Technical Brief#

Overview#

Are you curious about how AI chatbots work? First of all, generative AI starts with foundational models trained on vast quantities of unlabeled data. These Large language models (LLMs) are trained on an extensive range of textual data online, and in some cases are trained with a specific industry or domain expertise in mind. LLMs can understand prompts delivered by you, the user, and then generate novel, human-like responses. Businesses can build applications to leverage this capability of LLMs; for example creative writing assistants for marketing, document summarization for legal teams, and code writing for software development.

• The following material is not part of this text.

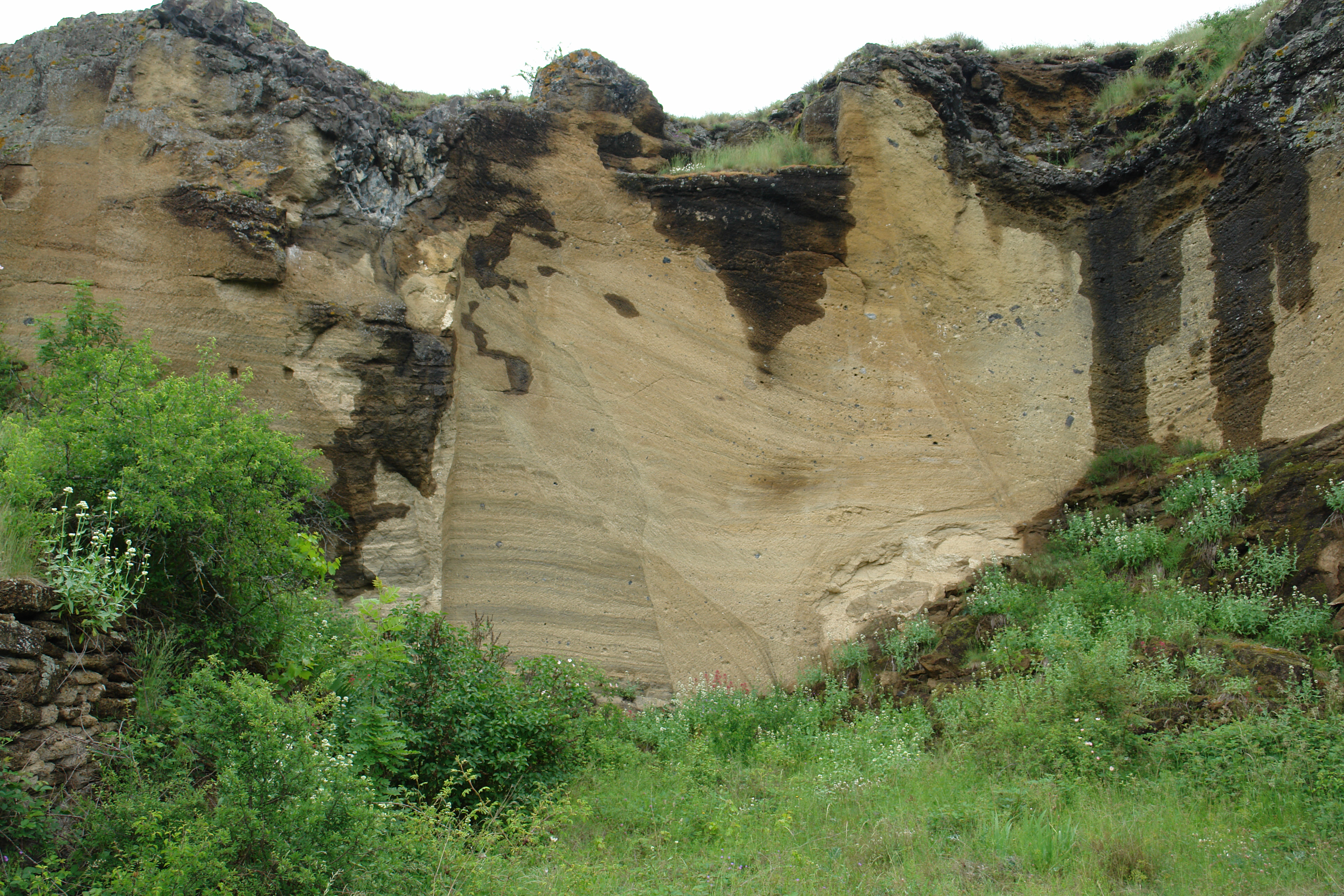 Pyroclastic rock in Langeac in Auvergne in France

This reference solution demonstrates how to find business value in generative AI by augmenting an existing foundational LLM to fit your business use case. This is done using retrieval augmented generation (RAG) which retrieves facts from an enterprise knowledge base containing a company’s business data. A reference solution for a powerful RAG-based AI Chatbot is described in this brief including code available in NVIDIA’s Generative AI Examples Github for developers. Pay special attention to ways in which you can augment an LLM with your domain-specific business data to create AI applications that are agile and responsive to new developments.

Some examples include:

Web-based Chatbots: Many enterprises already use AI chatbots to power basic customer interactions on their websites. With RAG, companies can build a chat experience that’s highly specific to their business. For example, questions about product specifications are promptly answered.
Customer Service: Companies can empower live service representatives to quickly answer customer questions with precise, up-to-date information.
Enterprise Documentation Search: Businesses have a wealth of knowledge across the organization, including technical documentation, company policies, IT support articles, and code repositories. Employees can query an internal search engine to retrieve information faster and more efficiently.
Financial Services Tabular Data Search: AI can navigate through vast sets of financial data to find crucial insights instantly, thereby enhancing the decision-making process.

This reference solution is based upon the NVIDIA AI RAG chatbot which we used internally to make employee’s lives easier. The chatbot was designed to assist employees with answering questions related to corporate communications. Since this initial deployment, we have used multiple chatbots in-house across a variety of teams to accelerate our productivity across the company.

An open-source LLM from Meta, Llama2 was used as it provides an advanced starting point as well as a low-cost solution that enterprises can leverage to generate accurate and precise responses tailored to their specific use case.

Generative AI starts with foundational models trained on vast quantities of unlabeled data. Large language models (LLMs) are trained on an extensive range of textual data online. These LLMs can understand prompts and generate novel, human-like responses. Businesses can build applications to leverage this capability of LLMs; for example creative writing assistants for marketing, document summarization for legal teams, and code writing for software development.

To create true business value from LLMs, these foundational models need to be tailored to your enterprise use case. In this workflow, we use RAG with Llama2, an open source model from Meta, to achieve this. Augmenting an existing AI foundational model provides an advanced starting point and a low-cost solution that enterprises can leverage to generate accurate and clear responses to their specific use case.

Note

This reference example uses the Llama2 13B parameters chat model, which requires 50 GB of GPU memory, but another compatible foundational LLM could also be used.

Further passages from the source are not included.